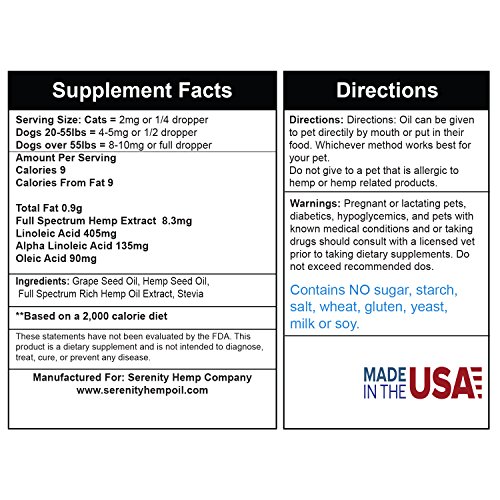-. Feature : HELP REDUCE YOUR PETS PAIN! Our perfect blend of Omega-3 fatty acids will also assist in reducing pain. The ingestion of these fatty acids can promote the body to produce anti-inflammatory properties. Ailments that may help your pet in pain include: arthritis, chronic pain, inflammation, joint & mobility issues, and much more. / REDUCE THE RISKS OF CANCER AND OTHER DISEASE! Studies show that pets with cancer and other illnesses do not make enough Gamma Linolenic Acid (GLA), an Omega-6 fatty acid. Serenity h.e.m.p for Pets gives you the perfect Omega-3 fat balance to give your pet the GLA's they need! / IMPROVE YOUR PETS SKIN AND COAT! The oil in our product can penetrate the inner layers of the skin and promote cell growth for your pets skin and hair. Again, the perfect balance of fatty acids plays an important role in reducing inflammation, redness, dryness, and damage caused with common skin issues. Give your pet relief from dry skin and a healthier looking coat. / POWERFUL h.e.m.p EXTRACT FOR YOUR PET! Serenity h.e.m.p contains absolutely NO THC and is non psychoactive at all! Our extract comes from an advanced CO2 extraction using organic h.e.m.p, optimizing the plants naturally occurring terpenes, constituents, essential fatty acids (Omega 3, 6, 9), and phytochemicals. / USA MADE! Serenity h.e.m.p for Pets is made in the USA by an FDA Inspected and GMP Certified Facility. Our product is non GMO and 100% Organic.
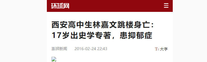 西安高中生林嘉文跳楼身一火:17岁出史学专著,患抑郁症 澎湃新闻 2016-02-24 22:43
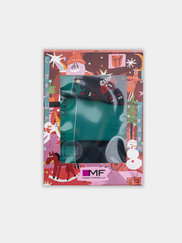 Цвет: елки на черном +зеленый +ч.клетка на зеленом
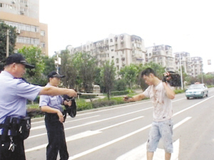 該男子出現(xiàn)之后,很快在附近人行橫道上就圍滿了群眾,大家都遠(yuǎn)遠(yuǎn)地站著,紛紛議論起來(lái)!安粫(huì)是在拍電影吧?也沒(méi)有看到攝像機(jī)?”就在周圍群眾七嘴八舌地議論著的時(shí)候,幾輛警車呼嘯而至。
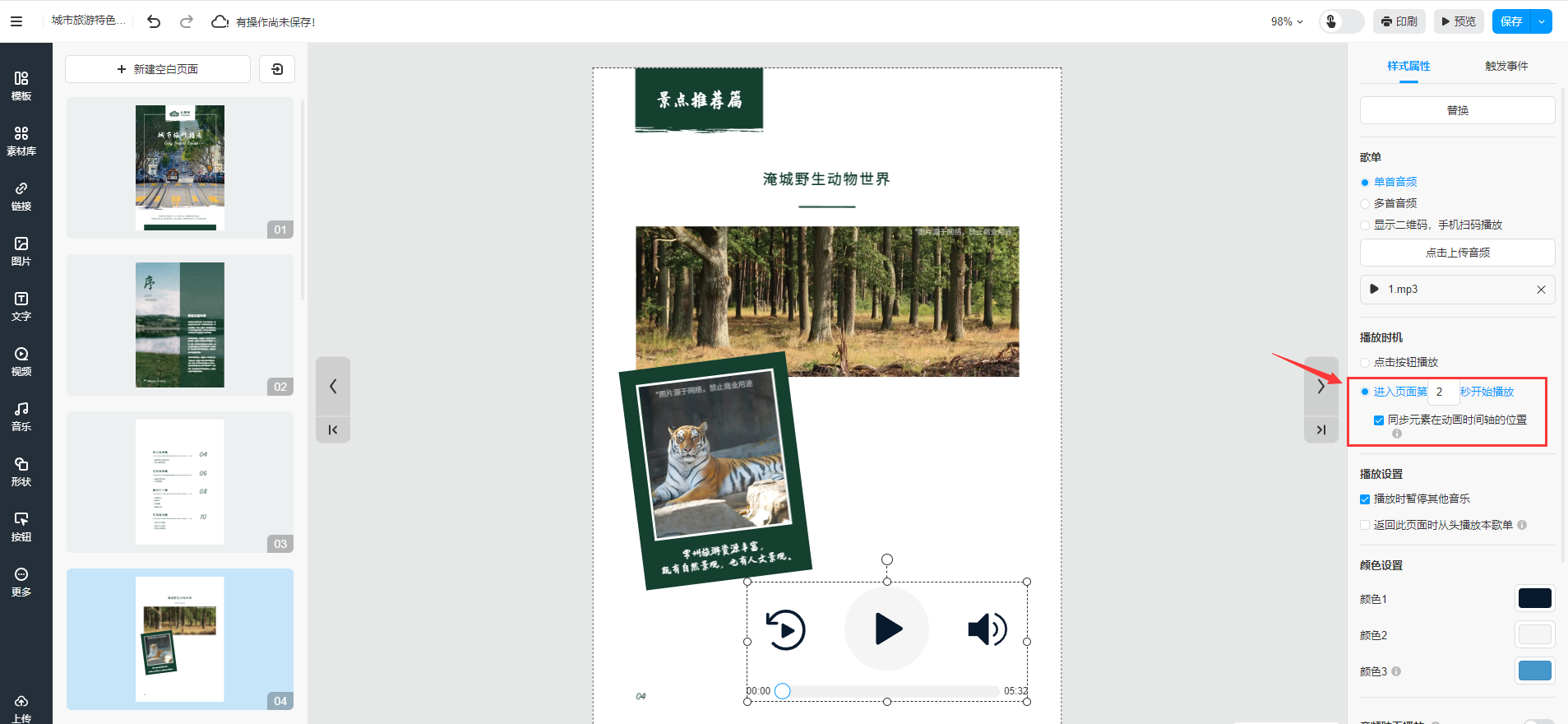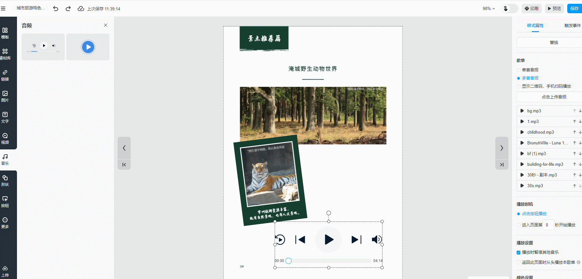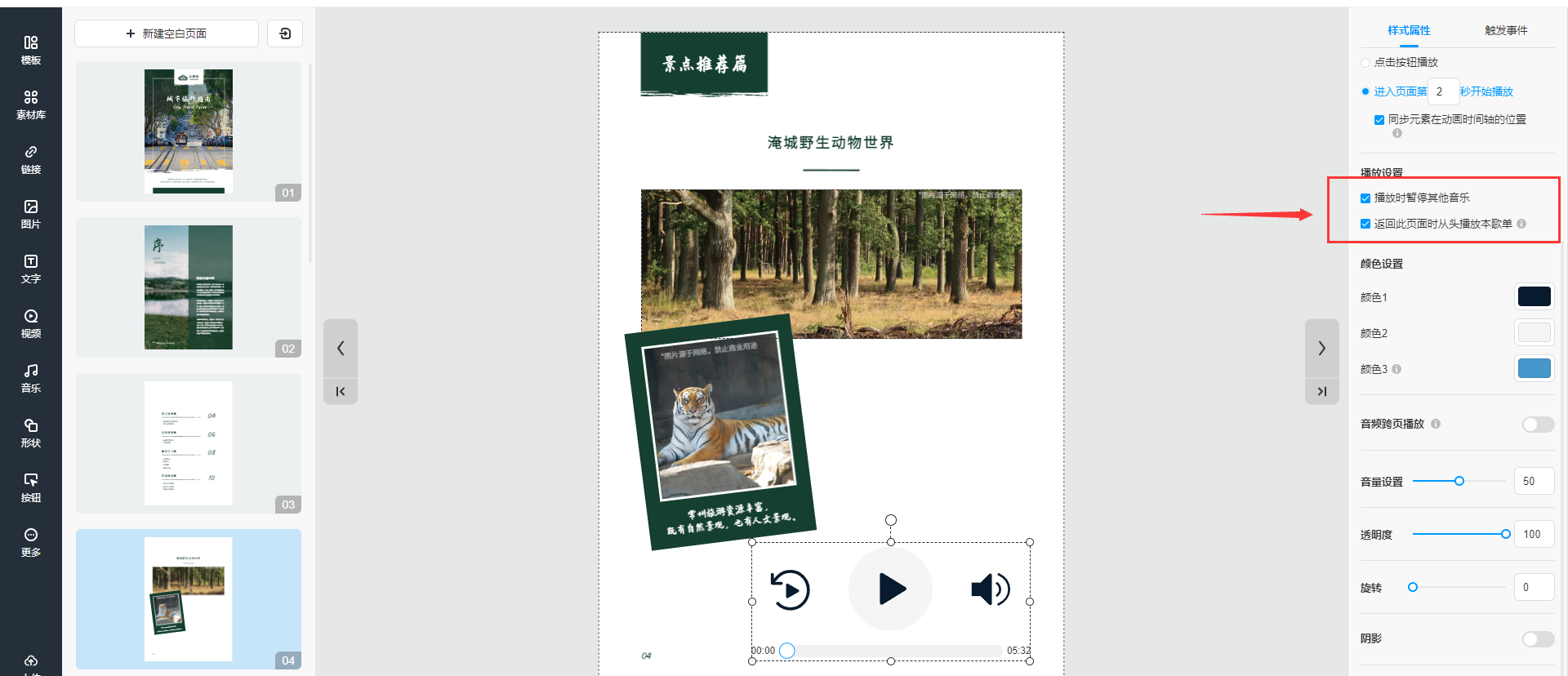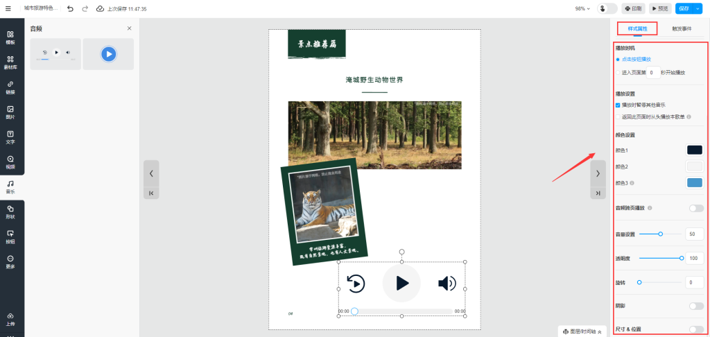 根據(jù)你的需求,在屬性面板中你可以上傳音樂,設(shè)置音樂播放方式,自定義音樂控件的顏色、陰影、位置大小以及旋轉(zhuǎn)。
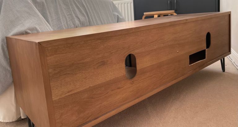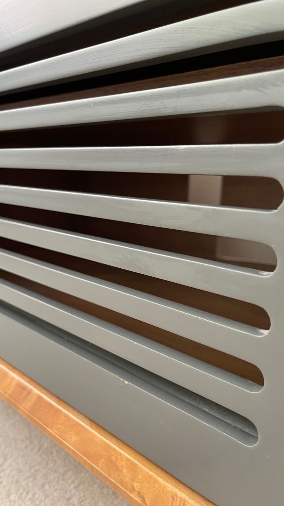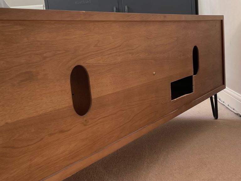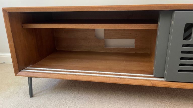 In great condition but i previously had to cut a section from the back (evident in photos) in order to allow cable to fit through. Not evident when doors closed.
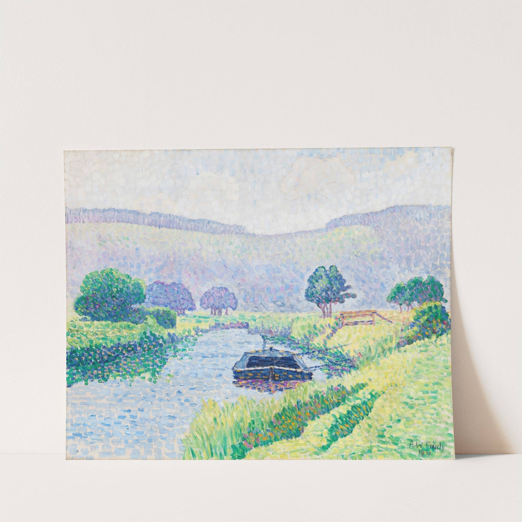 This vibrant landscape print by Alfred William Finch features a serene riverscape in an impressionist style. Dominated by bright, eye-catching colors, the image showcases a lush green field on one side and a tranquil river flowing gently through the center....
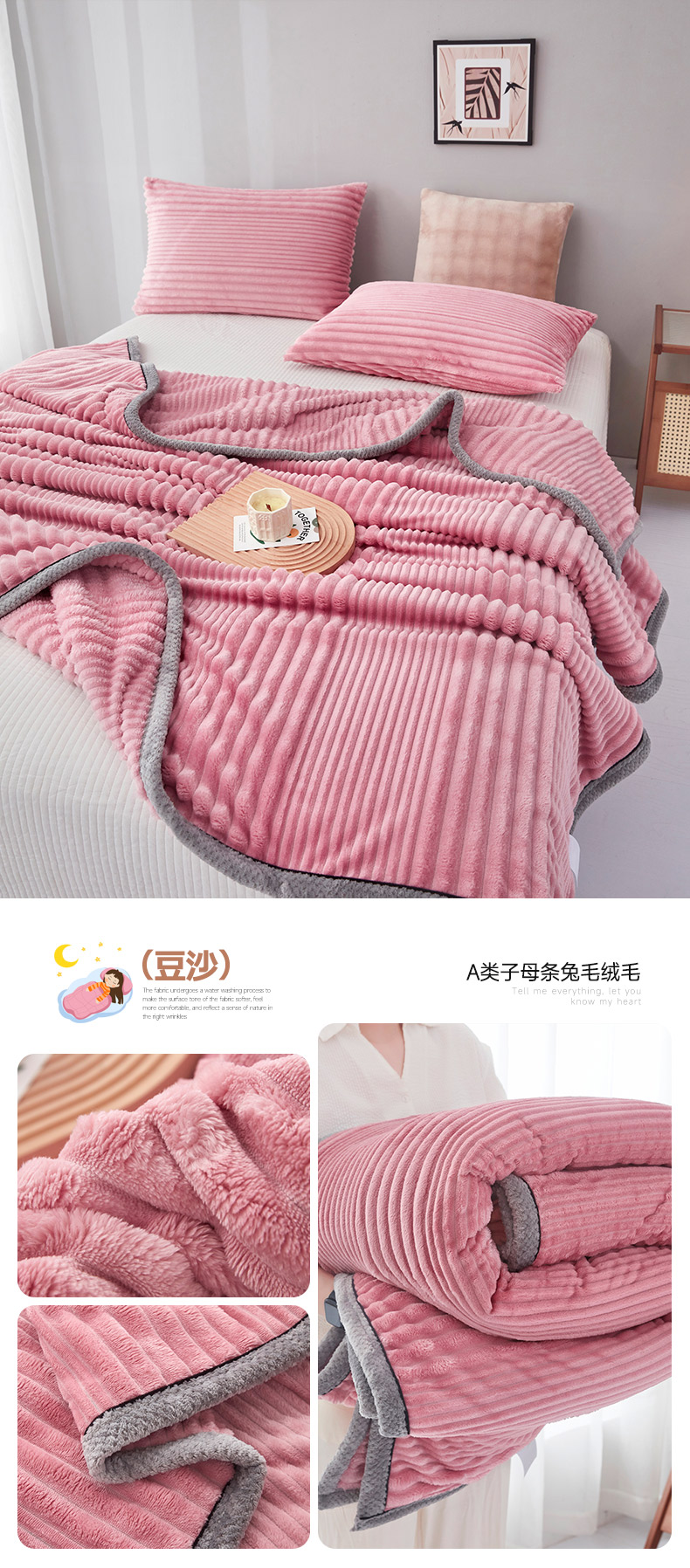 商品名称:肖恩毯业2025新款子母条兔毛绒毛毯盖毯休闲毯绒毯毯子跨境专供可打卷外贸出口可定制尺寸 子母-豆沙

○ ○ ○ ○ ○

— What this task involves —
Exactly repeat only the lines from the one with "This vibrant landscape" to the closing line above, both included, and omit every picture.

— Written solution —
 This vibrant landscape print by Alfred William Finch features a serene riverscape in an impressionist style. Dominated by bright, eye-catching colors, the image showcases a lush green field on one side and a tranquil river flowing gently through the center....
 商品名称:肖恩毯业2025新款子母条兔毛绒毛毯盖毯休闲毯绒毯毯子跨境专供可打卷外贸出口可定制尺寸 子母-豆沙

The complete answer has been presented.